Dökmetaş (Qerekilîs) is a neighbourhood in the municipality and district of Yenişehir, Diyarbakır Province in Turkey. It is populated by Kurds and had a population of 1,798 in 2025.

==History==
Dökmetaş is tentatively identified with the village of Qarā Klīsah, which was historically inhabited by Syriac Orthodox Christians and Armenians. (Note: Also known as Karakilisa, Kara Kilise, Karakilise, Kara-Kilisa, Kara-Kilissa, or Zımnıkilise.
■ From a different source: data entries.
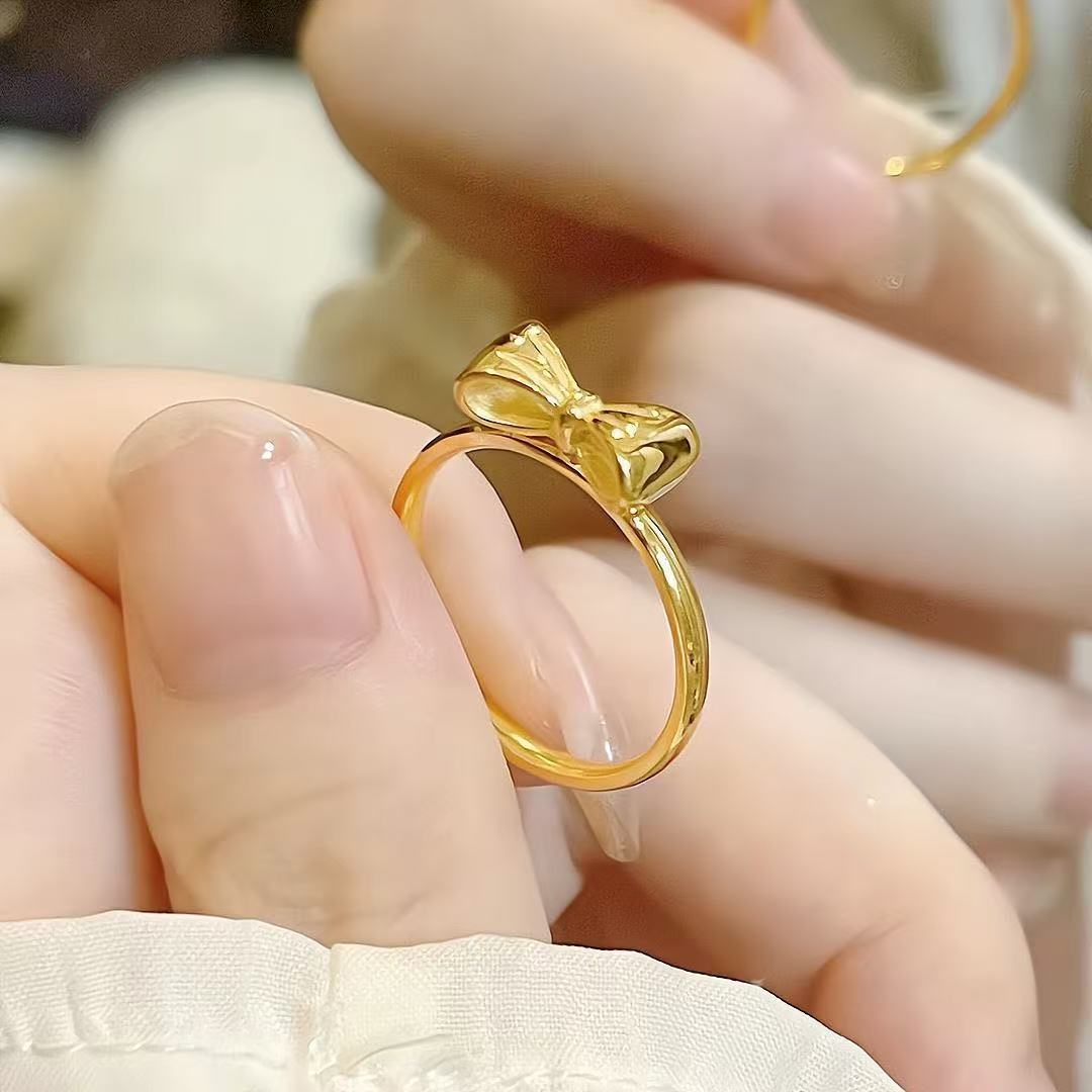 Non-Fading Fashionable Simple Titanium Steel Gold-Plated Bow Ring for Women Versatile Sweet Style Stainless Steel Ring Hand-Polished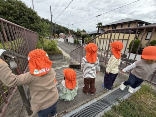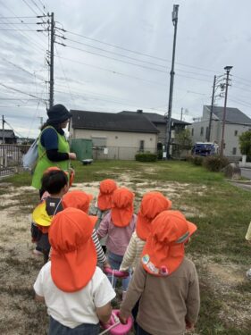 今日はパンダ公園にお散歩に行きました🏃♂️💨向かう途中で「ショベルカーいるかな❓」とショベルカーを見る気満々のあひる組です🦆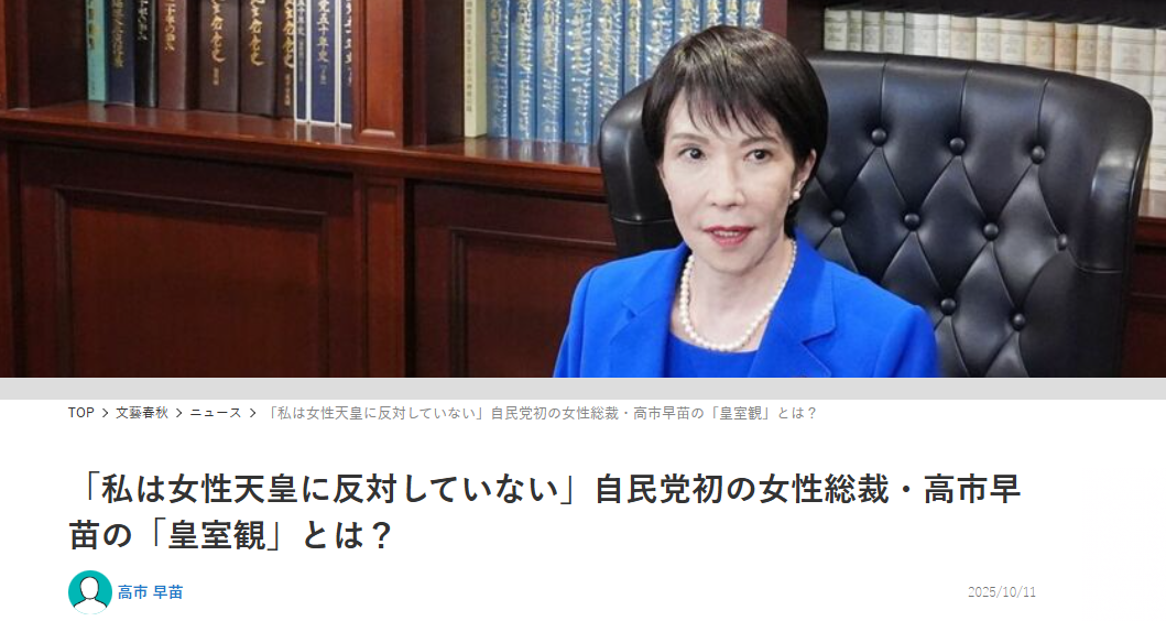 そんな中、高市早苗首相の発言が波紋を広げています。首相はこれまで「女性天皇を容認する」姿勢を明確に示した発言を複数回行っていました。特に、2021年12月の文藝春秋インタビューでは次のように述べています。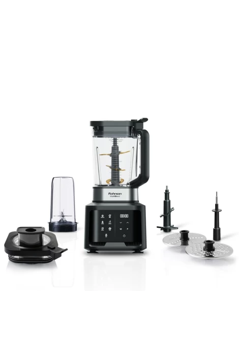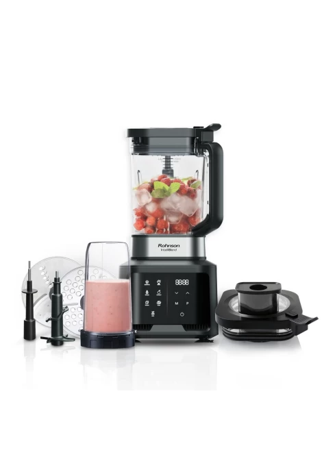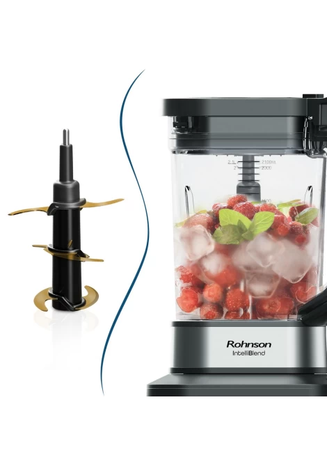 Το νέο Rohnson IntelliBlend R-5349 είναι η ιδανική 3 σε 1 συσκευή για τέλεια επεξεργασία πολλών διαφορετικών υλικών από φυλλώδη λαχανικά μέχρι σάλτσες και ζύμες με την δύναμη των 2000W. Διαθέτει 3 διαφορετικά εξαρτήματα επεξεργασίας: μεγάλη κανάτα blender 2,1L BPA free, to-go κύπελλο 600ml BPA free με καπάκι, 2 food processor δίσκους και ειδική τεχνολογία αναγνώρισης τους, με 7 διαφορετικές ρυθμίσεις που αναγνωρίζονται αυτόματα. Οι λεπίδες είναι κατάλληλες για πλύσιμο στο πλυντήριο πιάτων. Περιλαμβάνονται επίσης: εξαπλή λεπίδα με επικάλυψη τιτανίου, τετραπλή λεπίδα ζύμης, και 2 καπάκια ασφαλείας.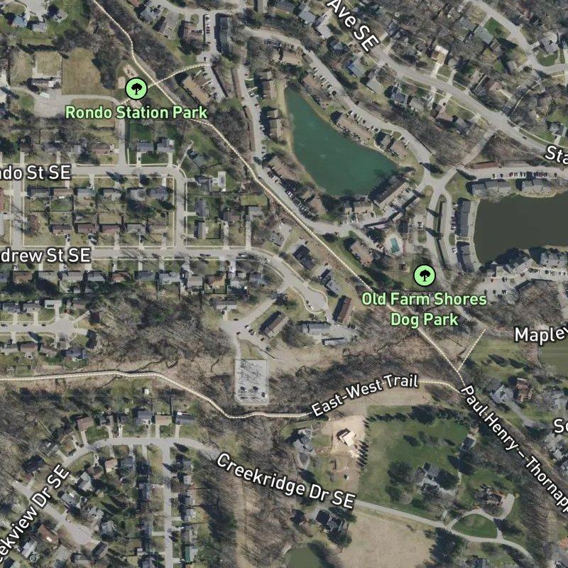 Seven acres of modest suburban plots—each running about a third of an acre—anchored in the Crosswinds No.2 Area between downtown Grand Rapids and Gerald R. Ford airport, which sits just over 13 minutes away by car. Eastbrook Gardens feels like the kind of place where you're not paying for grand gestures; homes here run around $355K, and what you get is proximity—to 78 restaurants and 36 grocery stores within a mile or two, to Kentwood Public Schools, and to Old Farm Shores Dog Park, a two-minute walk from your door. Downtown is 17 minutes off, coffee shops cluster nearby, and a transit stop sits ten minutes on foot, which means you can live here without treating the car as your only option. It's a tidy grid of moderate houses in a place where you're close enough to everything that you don't have to choose between access and space.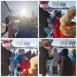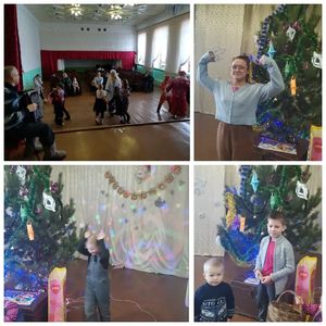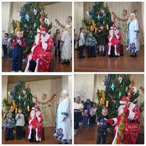 С появлением Деда Мороза и Снегурочки начался настоящий праздник с песнями и танцами, хороводами вокруг ёлки. После представления все дети получили долгожданные подарки от Деда Мороза. Дети зарядились праздничным настроением и ощущением волшебства.

It is alternatively identified with the village of Akçadamar.) In the Syriac Orthodox patriarchal register of dues of 1870, it was recorded that the village had 6 households, who did not pay any dues, and did not have a church or a priest. There were 6 Armenian hearths in 1880. There was an Armenian church. The village was attacked and plundered during the massacres in the Diyarbekir vilayet in 1895. It was located in the Diyarbakır central district (merkez kaza) in the Diyarbakır sanjak in the Diyarbekir vilayet in c. 1900. In 1914, the village was populated by 200 Syriacs, according to the list presented to the Paris Peace Conference by the Assyro-Chaldean delegation.

==Bibliography==

- Abed Mshiho Neman of Qarabash (2021). "Sayfo – An Account of the Assyrian Genocide"
- Bcheiry, Iskandar (2009). "The Syriac Orthodox Patriarchal Register of Dues of 1870: An Unpublished Historical Document from the Late Ottoman Period"
- Gaunt, David (2006). "Massacres, Resistance, Protectors: Muslim-Christian Relations in Eastern Anatolia during World War I"
- "Social Relations in Ottoman Diyarbekir, 1870-1915" (2012)
- Kévorkian, Raymond H. (2006). "Armenian Tigranakert/Diarbekir and Edessa/Urfa"
- Tîgrîs, Amed (2012). "Amed : erdnîgarî, dîrok, çand"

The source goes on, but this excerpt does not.